Miraculously, they were ready for the launch at noon. In the car park by the river pier, Spence was surprised to find Daz still beside him after the goodbyes.

“Spence, can you give me a lift to London?”

“Sure.” He had barely spoken to the World’s Most Gorgeous Malaysian, couldn’t make out what she saw in Ramone
or
Tex. He was shocked to realize she’d been left without wheels, stranded in direst Essex. That must have been a bad fight. He opened the passenger door of his hire car.

“Are you being courtly, or have you forgotten which side we drive on?”

He’d been thinking of Anna. “Sorry, wool-gathering.”

She took off her dark glasses. Close up, in full daylight, he saw that her right eye was half shut and surrounded by a puffy blotched halo. Her wrists looked bruised too. Spence averted his glance. There is such a thing as having too much fun.

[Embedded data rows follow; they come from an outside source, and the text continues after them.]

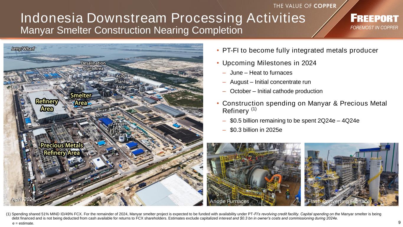 •Indonesia smelter projects nearing completion with start-up activities expected in second-quarter 2024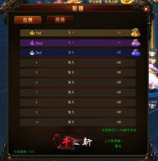 2、日榜每天23:55分结算,结算时对前三名发放大量道具奖励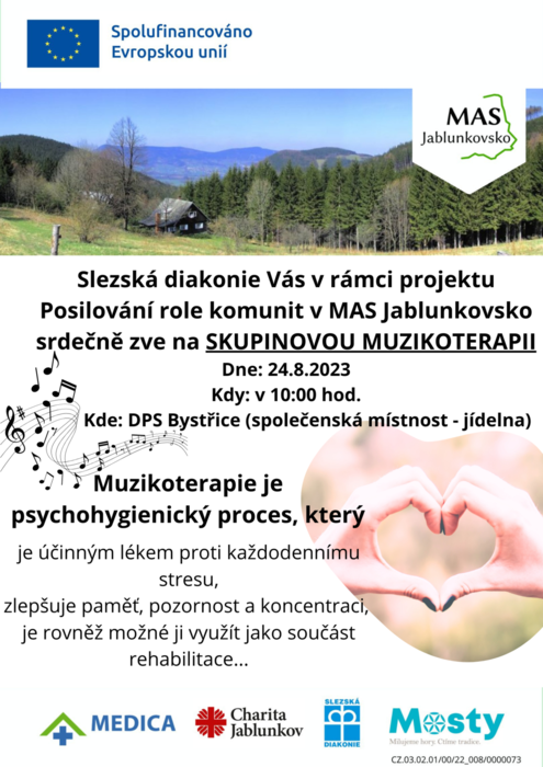 V rámci projektu Vás zveme na další Skupinovou Muzikoterapii v rámci projektu "Posilování role komunit v MAS Jablunkovsko". Setkání se uskuteční v DPS Bystřice od 10:00 hod. Více informací v přiloženém letáku.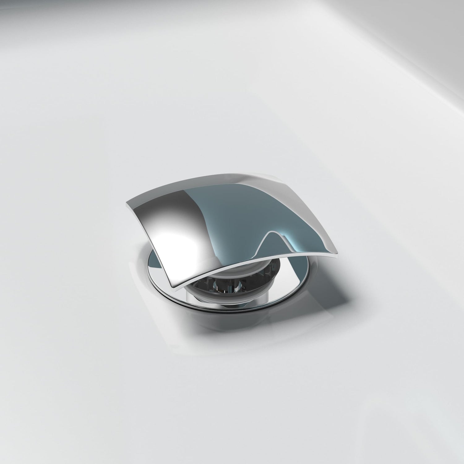 - Das Ventil mit DIN-Anschlüsse fügt sich passgenau in aller handelsüblichen Waschbecken ein.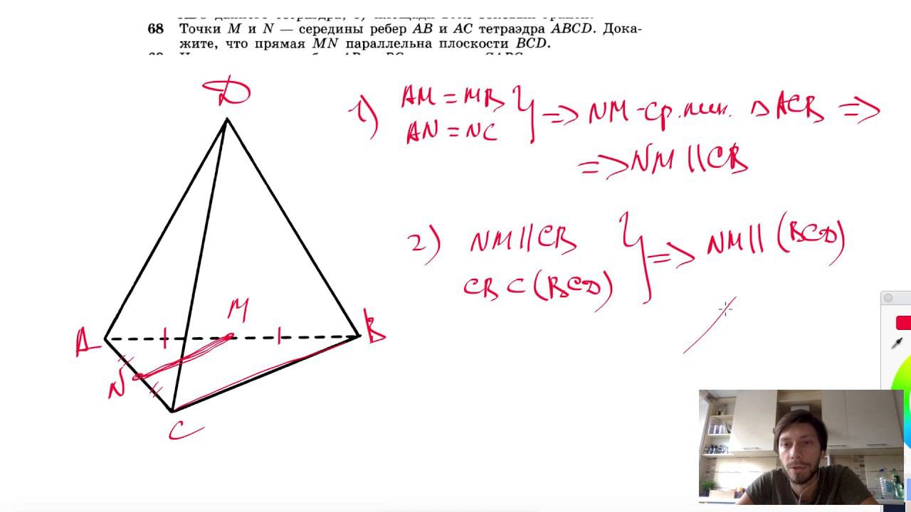 №68. Точки М и N — середины ребер АВ и АС тетраэдра ABCD. Докажите, что прямая MN параллельна плоскости BCD. Поддержать канал рублём - 5469400944002125 (Сбербанк) Мой второй канал для подготовки к ЕГЭ и ОГЭ - https://www.youtube.com/ЕвгенийСумин Инстаграм - https://www.instagram.com/EGE_OGE.math Личный инстаграм - https://www.instagram.com/ee_sumin VK - https://vk.com/evgeniysumin FB - https://www.facebook.com/EvgeniySumin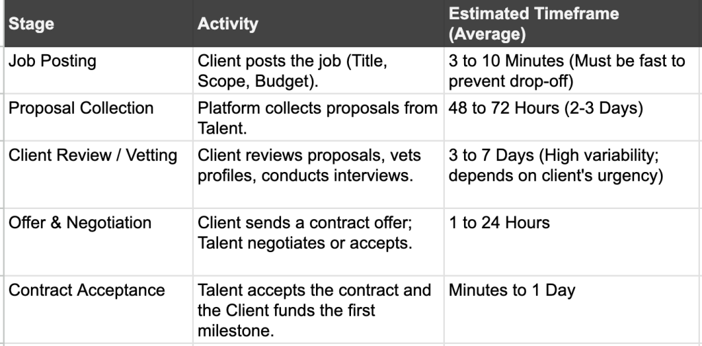 Estimating the time spent on the Upwork “Client-to-Work” flow involves two distinct phases with very different timelines: Pre-Hire Time and In-Contract Time.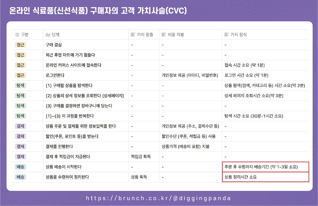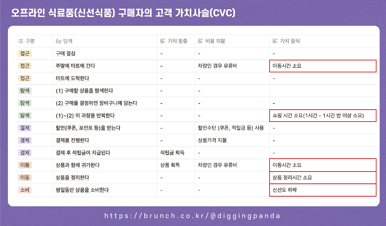 마켓컬리가 서비스되기 이전 퍼소나 해당 고객들의 고객 가치 사슬(CVC)을 통해 분석해 보자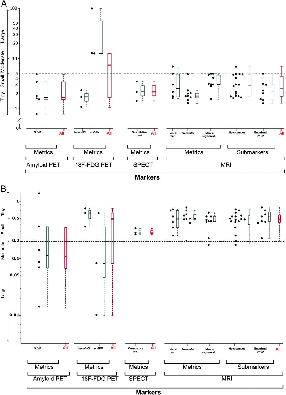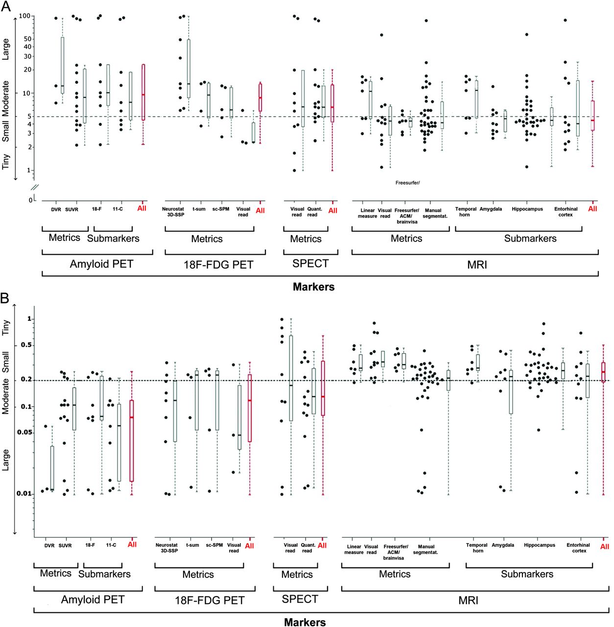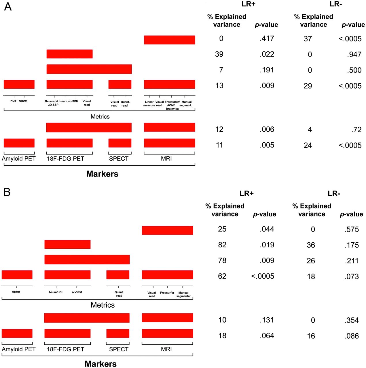 LR的可变性−指标要高得多,尤其是对淀粉样蛋白成像(0.01 - -0.10),和18F-FDG-PET (0.05 - -0.23)。变异指标较低的其他2标记:0.21 - 0.32 (MRI度量),0.13到0.17 (SPECT指标)。有关详细信息,请参见表格e 1。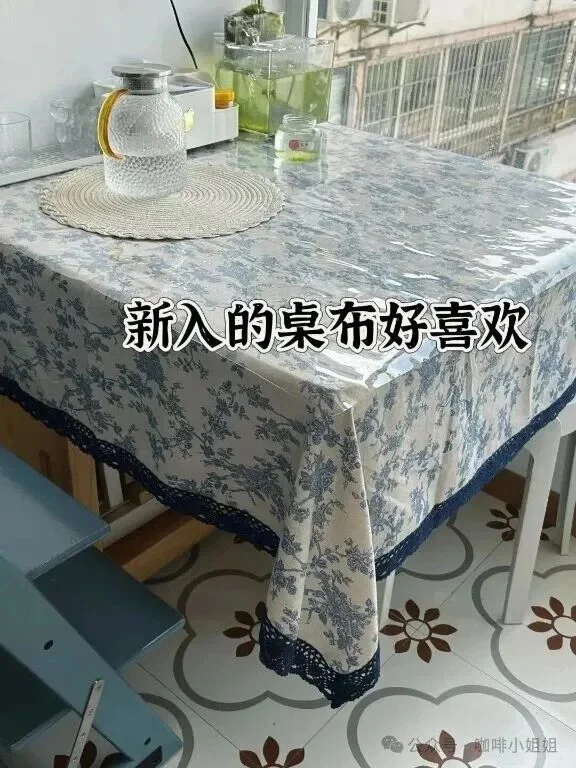 蓝白碎花,蕾丝边,压着一块透明软玻璃防水。桌上放了玻璃茶壶,泡着什么绿色的东西,两个杯子。

“I’m well out of it,” she said, catching his eye. “Believe me.”

“How’s Anna?” she asked, as they drove away. “I wish I’d been able to talk to her.”

“Anna is just fine. Anna goes from strength to strength.”

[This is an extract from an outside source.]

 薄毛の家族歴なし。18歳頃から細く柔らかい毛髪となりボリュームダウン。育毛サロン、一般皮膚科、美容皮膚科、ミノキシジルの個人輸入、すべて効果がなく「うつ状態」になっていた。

“Some people have all the luck,” sighed Daz. “When you see her, tell her I said hello.”

In another few years, at the next reunion. Maybe she’d come alone again, leaving Charles to look after the kids. He could hope for that. God, what a prospect. They could have talked, he’d gone for sex instead: low risk, low win. If they’d talked they might never have done the sex, couldn’t have risked that, when it might be the only time. He’d chosen right. But now…Spence drove, with the chastened beauty beside him, his life ahead as bleak as her silence.

ii

Anna’s period was due ten days after the Carstairs weekend. It didn’t come. Her menstrual cycle was naturally, mildly irregular (this had been no comfort after she was date-raped). She told herself to be calm. She had enough on her mind. She was buying a house, a move forced on her by the fact that Roz and Graham were getting married and the lodger was no longer needed: but it was a good idea. If she could get the right deal, the mortgage would be no worse than paying rent. Also, work at the lab had reached a pitch of intensity… When her period was two weeks late she bought a pregnancy test, as a matter of routine.